I don't think you need to make a custom rolling function to calculate beta with pandas 1.1.4 (or even since at least .19). The below code assumes the data is in the same format as the above problems--a pandas dataframe with a date index, percent returns of some periodicity for the stocks, and market values are located in a column named 'Market'.
If you don't have this format, I recommend joining the stock returns to the market returns to ensure the same index with:
# Use .pct_change() only if joining Close data
beta_data = stock_data.join(market_data), how = 'inner').pct_change().dropna()
After that, it's just covariance divided by variance.
ticker_covariance = beta_data.rolling(window).cov()
# Limit results to the stock (i.e. column name for the stock) vs. 'Market' covariance
ticker_covariance = ticker_covariance.loc[pd.IndexSlice[:, stock], 'Market'].dropna()
benchmark_variance = beta_data['Market'].rolling(window).var().dropna()
beta = ticker_covariance / benchmark_variance
NOTES: If you have a multi-index, you'll have to drop the non-date levels to use the rolling().apply() solution.
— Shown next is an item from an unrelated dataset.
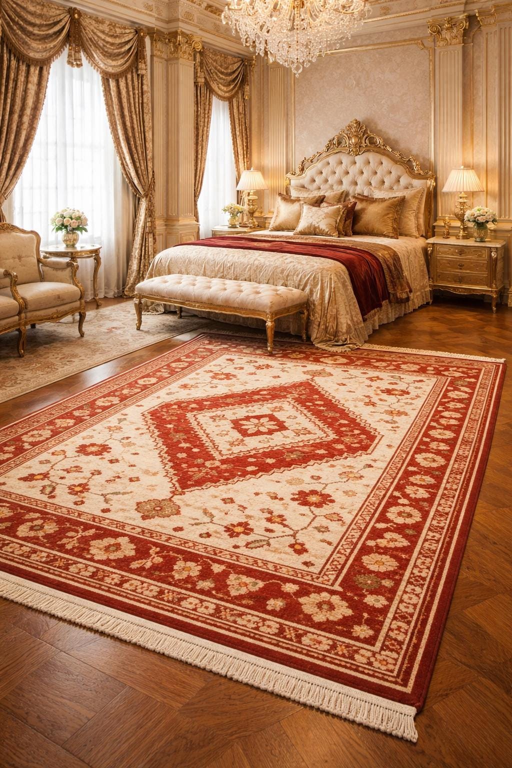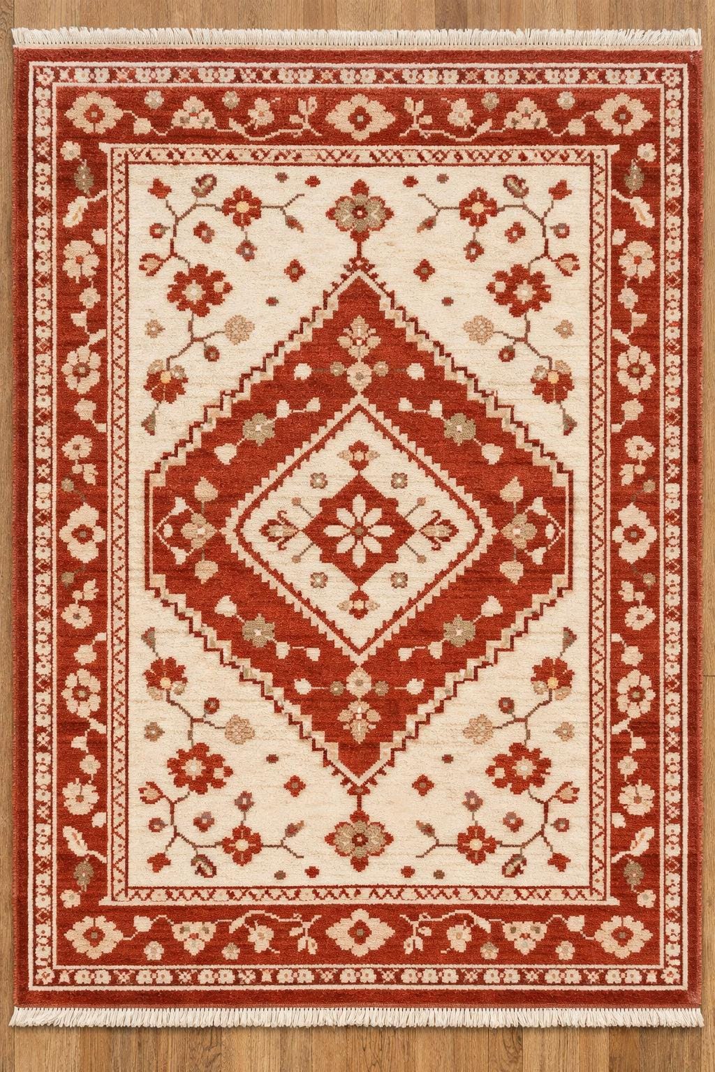 Bring timeless elegance and royal charm into your space with this hand knotted luxury carpet, inspired by classic Persian designs. Crafted by skilled artisans, this rug features intricate floral motifs in rich red and ivory tones, making it a statement piece for any elegant interior.

I only tested this for one stock and one market. If you have multiple stocks, a modification to the ticker_covariance equation after .loc is probably needed. Last, if you want to calculate beta values for the periods before the full window (ex. stock_data begins 1 year ago, but you use 3yrs of data), then you can modify the above to and expanding (instead of rolling) window with the same calculation and then .combine_first() the two.
Created a simple python package finance-calculator based on numpy and pandas to calculate financial ratios including beta. I am using the simple formula (as per investopedia):
beta = covariance(returns, benchmark returns) / variance(benchmark returns)
Covariance and variance are directly calculated in pandas which makes it fast. Using the api in the package is also simple:
import finance_calculator as fc
beta = fc.get_beta(scheme_data, benchmark_data, tail=False)
which will give you a dataframe of date and beta or the last beta value if tail is true.
but these would be blockish when you require beta calculations across the dates(m) for multiple stocks(n) resulting (m x n) number of calculations.
Some relief could be taken by running each date or stock on multiple cores, but then you will end up having huge hardware.
The major time requirement for the solutions available is finding the variance and co-variance and also NaN should be avoided in (Index and stock) data for a correct calculation as per pandas==0.23.0.
Thus running again would result stupid move unless the calculations are cached.
numpy variance and co-variance version also happens to miss-calculate the beta if NaN are not dropped.
A Cython implementation is must for huge set of data.